Connect12A22 5 years ago

I love their RISC-V implementation in 500 lines of code: https://github.com/google/xls/blob/main/xls/examples/riscv_s...

  • Traster 5 years ago

    It's kind of a good demonstration of the problem with software versus hardware, here's xls solution (just for one function):

      fn decode_i_instruction(ins: u32) -> (u12, u5, u3, u5, u7) {
       let imm_11_0 = (ins >> u32:20);
       let rs1 = (ins >> u32:15) & u32:0x1F;
       let funct3 = (ins >> u32:12) & u32:0x07;
       let rd = (ins >> u32:7) & u32:0x1F;
       let opcode = ins & u32:0x7F;
       (imm_11_0 as u12, rs1 as u5, funct3 as u3, rd as u5, opcode as u7)
      }
    here's the systemverilog solution

      {im_11_0,rs1,funct3,rd,opcode} <= ins;
    
    Obviously, in software, you can't slice data in the same way since as far as I can tell, it's assuming all variables are a certain size and so there's no naturally way of bit slicing.
    • learyg 5 years ago

      Thanks again for the detailed thought! We actually [developed more advanced bit slicing syntax]( https://github.com/google/xls/blob/1b6859dc384fe8fa39fb901af... ) since that example was written, you can do things like a standard slice `x[5:8]` or a Verilog-style "width slice" that has explicit signedness `x[i +: u8]`. There's currently no facility for "destructuring" structs as bitfields like pattern matches, but there's no conceptual reason it can't be done, I think that'd be an interesting thing to prioritize if there's good bang for the buck. [Github issue to track!](https://github.com/google/xls/issues/131) Let me know if I missed out on details or rationale, thanks!

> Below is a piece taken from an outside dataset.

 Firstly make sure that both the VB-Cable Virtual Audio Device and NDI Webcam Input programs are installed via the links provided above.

      • Traster 5 years ago

        Hey, thanks for replying, the project looks like it has a lot of potential. You're right, bit slicing gets you like 99% of the way there (the rest is just syntax sugar). It's interesting because from what I remember there were some non-trivial issues for the people using LLVM for their IR because of fundamental assumptions in the representation, but bit-slicing is the core functionality. Is there a reason you guys decided on your own IR?

    • FullyFunctional 5 years ago

      That's untrue. You need to include the declarations of im_11_0, etc. for the above to work and then you end up with just as much code. There's no reason they couldn't extend match to operate on bit slices also which would make this identical.

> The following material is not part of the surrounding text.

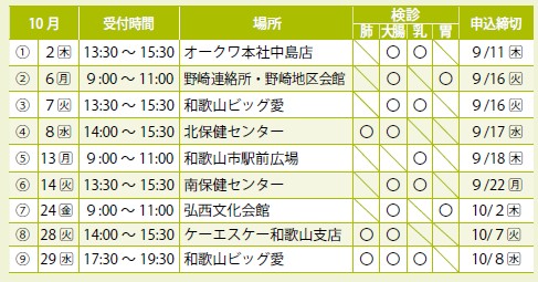 《がん集団検診(肺・大腸・乳・胃がん)の日程》
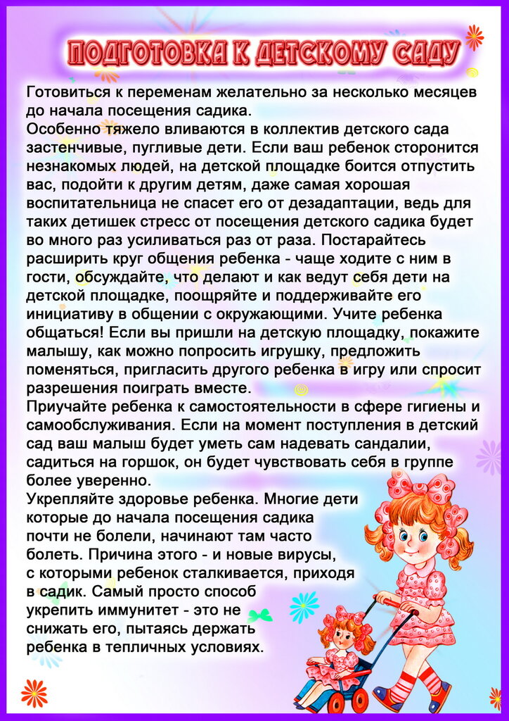 Как должен быть подготовлен ребенок к периоду адаптации?

      Frankly, combinatorics is not where I expect the most interesting differences. Sequential logic is surely more interesting.

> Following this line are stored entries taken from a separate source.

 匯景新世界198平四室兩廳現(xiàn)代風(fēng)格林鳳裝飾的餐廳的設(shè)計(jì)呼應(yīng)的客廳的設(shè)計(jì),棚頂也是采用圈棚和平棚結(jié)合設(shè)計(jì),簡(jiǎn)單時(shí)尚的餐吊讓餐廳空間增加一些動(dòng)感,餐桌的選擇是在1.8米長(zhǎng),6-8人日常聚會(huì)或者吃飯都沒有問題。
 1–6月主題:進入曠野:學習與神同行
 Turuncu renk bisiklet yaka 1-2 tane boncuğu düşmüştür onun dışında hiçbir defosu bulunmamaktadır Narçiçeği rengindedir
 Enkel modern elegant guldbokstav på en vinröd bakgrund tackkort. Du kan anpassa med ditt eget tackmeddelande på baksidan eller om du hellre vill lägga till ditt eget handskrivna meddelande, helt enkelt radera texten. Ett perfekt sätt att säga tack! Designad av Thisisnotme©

  • fmakunbound 5 years ago

    Comments indicate it implements a subset of various things.

jashmenn 5 years ago

I've been programming for 20 years and yet I have no idea what this does. Can someone ELI5?

  • jevogel 5 years ago

    As far as I can tell, it is a high-level synthesis tool for developing FPGA/ASIC applications. You write your circuit functions in a Rust-like DSL and it generates optimized Verilog/System Verilog code, which can then be synthesized into hardware. But you can also take the output of the DSL and simulate it first, which presumably is quicker than simulating Verilog.

  • tlack 5 years ago

    You feed in Rust (a flavor called DSLX) or C++ and it generates code for your FPGA (in Verilog). You then upload this compiled "bitstream" to your FPGA and now you have something akin to a custom microprocessor, but running just your program.

    • est31 5 years ago

      It looks really quite similar to Rust: https://github.com/google/xls/blob/main/xls/examples/dslx_in...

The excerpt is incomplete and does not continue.